In welch vollkommener Weise zeigt uns das Kreuz, was die Gerechtigkeit Gottes der Sünde gegenüber ist! Der „Sohn seiner Liebe“ musste unter dem verzehrenden Feuer seines Gerichts ausrufen: „Mein Gott, mein Gott, warum hast du mich verlassen?“ Er musste in „den Staub des Todes“ gelegt werden (Ps 22). Wie sehen wir aber auch andererseits in demselben Kreuz die überströmende Liebe Gottes zu dem sündigen Menschen offenbart! Um unser schonen zu können, „hat Er seines eignen Sohnes nicht geschont, sondern Ihn für uns alle dahingegeben“ (Röm 6,32).

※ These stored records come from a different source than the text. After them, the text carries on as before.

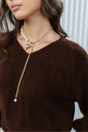 Этот стильный и удобный джемпер станет отличным дополнением вашего гардероба! Он идеально подходит для создания уютных и модных луков в прохладное время года, сочетая в себе комфорт, элегантность и универсальность. Джемпер отлично впишется в повседневный стиль, офисные будни или прогулки по городу. Цвет: светло-серый (шоколадный), который легко сочетается с различными оттенками и добавляет образу лаконичность и универсальность; Дизайн: джемпер с V-образным вырезом и объёмными рукавами 3/4, что придаёт изделию оригинальность и уют. Простой, но стильный крой подчеркивает женственность и комфорт; Материал: мягкая и приятная на ощупь трикотажная ткань, которая обеспечивает комфорт в течение всего дня. С чем носить: Джемпер отлично сочетается с брюками свободного кроя, как на фото, джинсами или юбками. Для завершения образа подойдут туфли на каблуке, лодочки или стильные ботинки. Дополните образ минималистичными аксессуарами, такими как тонкий браслет или серьги. Уход за изделием: Рекомендуется стирка в деликатном режиме при температуре до 30°C. Не использовать отбеливатели. Сушить в расправленном виде, избегая прямых солнечных лучей.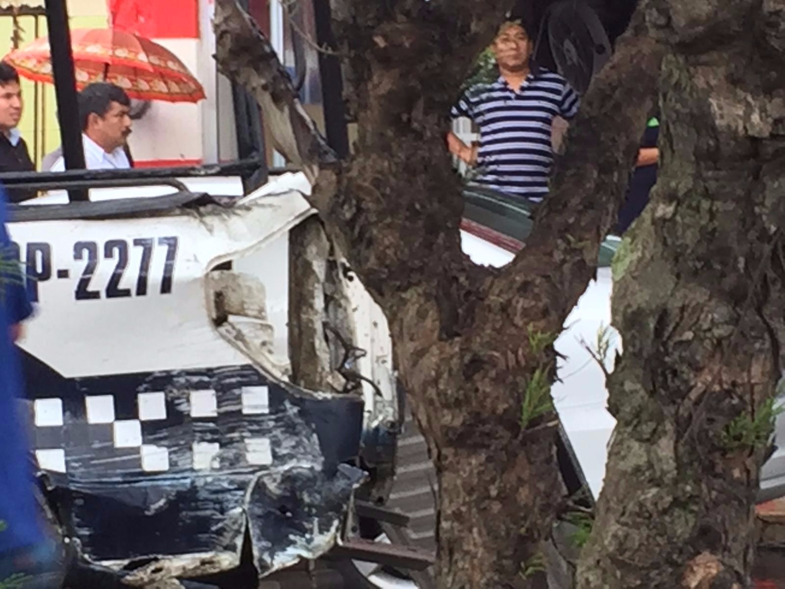 Sin embargo al llegar a la altura de la esquina con Quevedo, la patrulla fue impactada en su parte frontal izquierda trasera por un taxi Nissan, tipo Tsuru, color rojo y blanco, placas de circulación 3485XCY.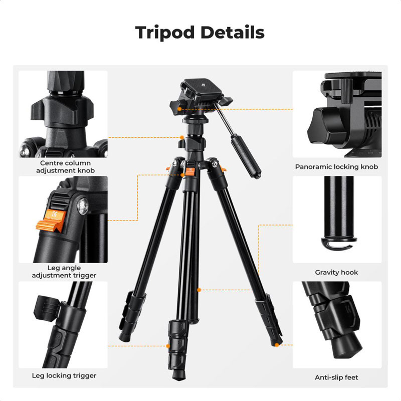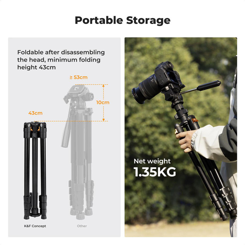 A háromlábú állvány ötvözi a funkciónalitást és a hordozhatóságot, 4 részes lábakkal, maximális magassága 196 cm. A fej leszerelése után az állvány összecsukható, összecsukott mérete mindössze 43 cm, így könnyen tárolható hátizsákban vagy fényképezőgép táskában.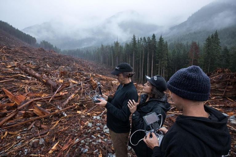 Nicholas de Pencier and Jennifer Baichwal with drone pilot Mike Reid on location at a clearcut north of Port Renfrew, Vancouver Island, British Columbia, © Edward Burtynsky, courtesy Admira Photography, Milan / Nicholas Metivier Gallery, Toronto.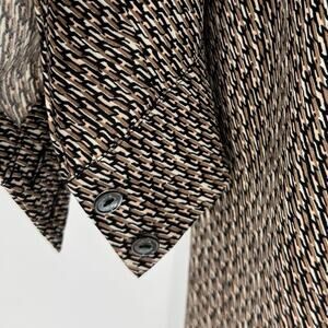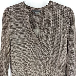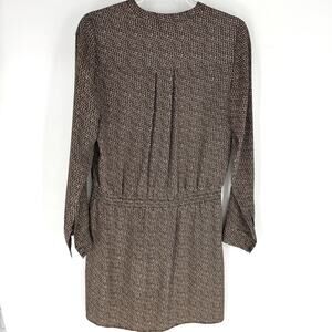 Vince Long-Sleeve Drop Waist Drawstring Silk Dress Black and Tan Pattern Size 6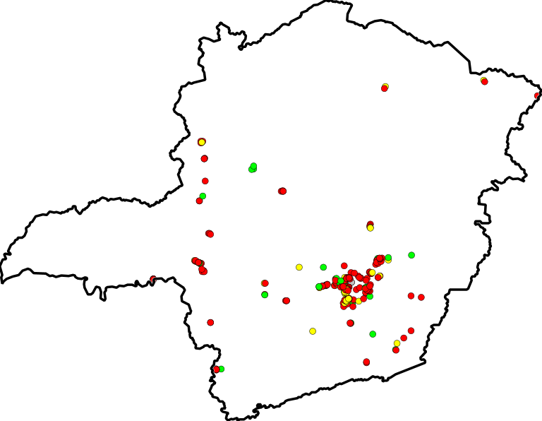 Consiste na representação dos municípios abaixo ou acima da média aritmética de valores do Idam Global em 2022 (0,455), considerando os resultados obtidos para os municípios de Minas Gerais. O valor da média é resultante da somatória dos índices obtidos no Idam Global dos 853 municípios do Estado, dividido pelo número de municípios mineiros.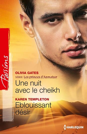 Série « Les princes d'Azmahar », tome 3 Ils veulent conquérir le trône, et le cœur de leurs belles… Une nuit avec le cheikh, Olivia Gates Layla, sous le choc, ne peut détacher ses yeux du mystérieux inconnu qui a mis en fuite les hommes qui ont tenté de l’agresser. Sombre, menaçant, un corps majestueux… Sa puissance à couper le souffle l’électrise. Et, soudain, des lointains souvenirs du royaume d’Azmahar refont surface. Où a- t-elle déjà vu ce regard envoûtant ? Pourquoi le visage de cet homme si incroyablement séduisant lui semble-t-il familier ? Une chose est certaine : elle éprouve un impérieux désir de suivre son énigmatique et ténébreux sauveur. Au mépris de toute raison. Eblouissant désir, Karen Templeton Ces baisers, ces caresses, cette fièvre… C’était une erreur, Blythe le savait. Mais, malgré tous ses efforts pour résister à l’attirance irrépressible qu’elle ressentait pour Wes Philips, elle a fini par céder, incapable de lutter contre l’évidence. Et depuis leur nuit de passion elle n'a cessé de penser à lui. Aussi doit-elle se reprendre, et vite. Car Wes, elle en est consciente, n’a qu’une seule priorité : son fils Jack. De plus, s’il est dans sa vie aujourd’hui, c’est uniquement parce qu’il l'a embauchée en tant que décoratrice. Et, entre eux, il y aura seulement une relation professionnelle. Rien d’autre…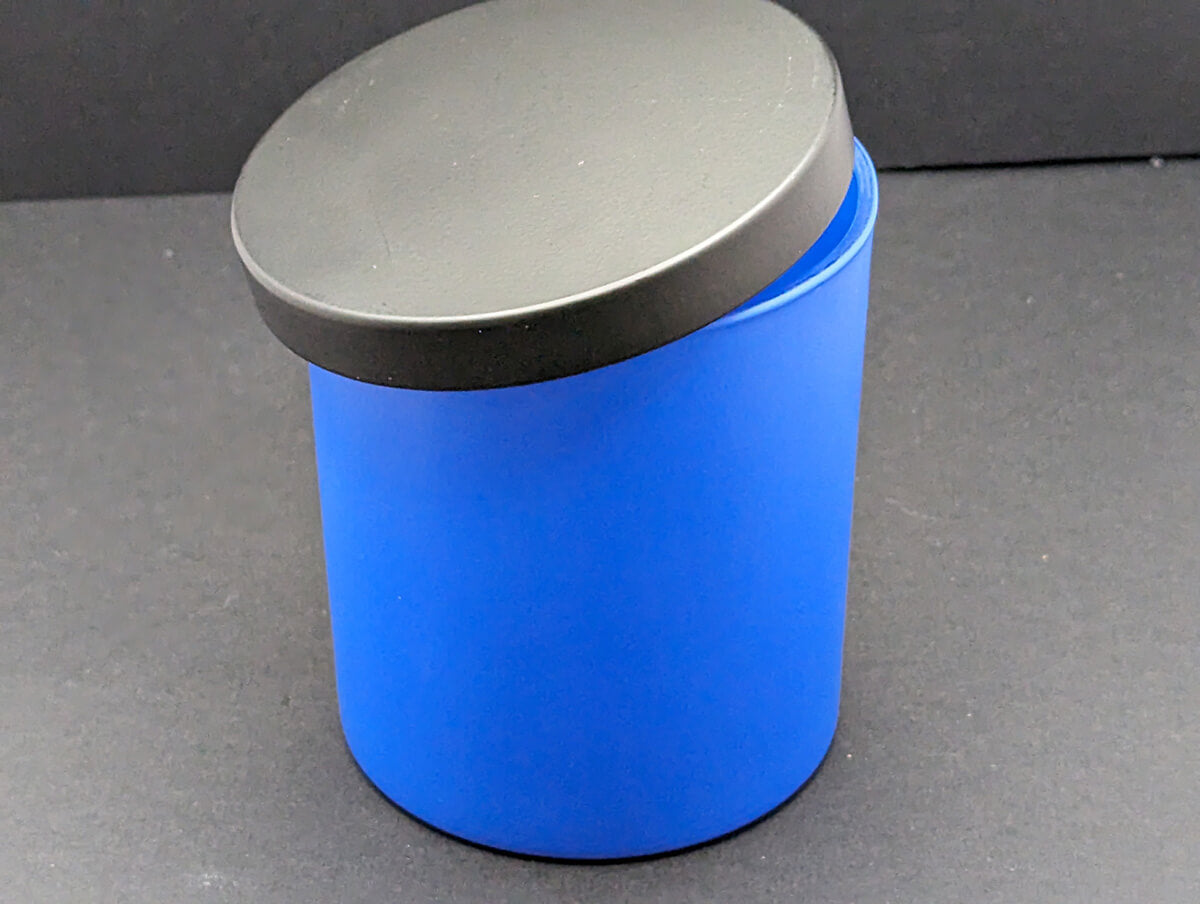10 ounce blue jar with sealed black lid (approx. 8.5 fluid ounces of wax)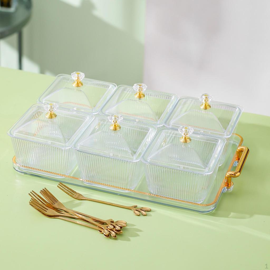 Разделенные сервировочные блюда, 6 отделений, пылезащитные, с крышкой, роскошная тарелка для закусок, орехов и конфет

Doch seine Gerechtigkeit und Liebe gehen noch weiter. Die Gerechtigkeit Gottes erforderte, dass Er seinen Sohn, den Gerechten, nicht dem Tod überließ, in welchen Er freiwillig, als das wahre Lamm Gottes, hinabgestiegen war. Deshalb hat Er Ihn aus den Toten auferweckt, zu seiner Rechten gesetzt und mit Herrlichkeit und Ehre gekrönt in den himmlischen Örtern. Dort, im Haus des Vaters, hat der ewige Sohn Gottes jetzt als Mensch seinen Platz genommen. Und weil Er für Menschen in das Gericht des Todes ging, so hat Er auch für Menschen jetzt dort in der Herrlichkeit einen Platz bereitet. Deshalb erfordert die Gerechtigkeit Gottes ferner, dass Er alle, die an den Sohn glauben, dort einführe, als „die Frucht der Mühsal seiner Seele“ (Jes 53). So lesen wir in Epheser 2: „Gott aber, der reich ist an Barmherzigkeit, wegen seiner vielen Liebe, womit Er uns geliebt, als auch wir in den Vergehungen tot waren, hat uns mit dem Christus lebendig gemacht durch (Gnade seid ihr errettet) und hat uns mitauferweckt und mitsitzen lassen in den himmlischen Örtern in Christus Jesus.“ Da sehen wir also die Gerechtigkeit und Liebe Gottes in göttlicher Vollkommenheit vereinigt. Die Engel begehren in dieses Geheimnis hineinzuschauen (1. Pet 1,12); die durch den Glauben erretteten Sünder versenken sich mit Anbetung in dieses Meer der Liebe; die Himmel werden in alle Ewigkeit widerhallen von dem Lob des Gottes der Liebe und des geschlachteten Lammes (Off 5).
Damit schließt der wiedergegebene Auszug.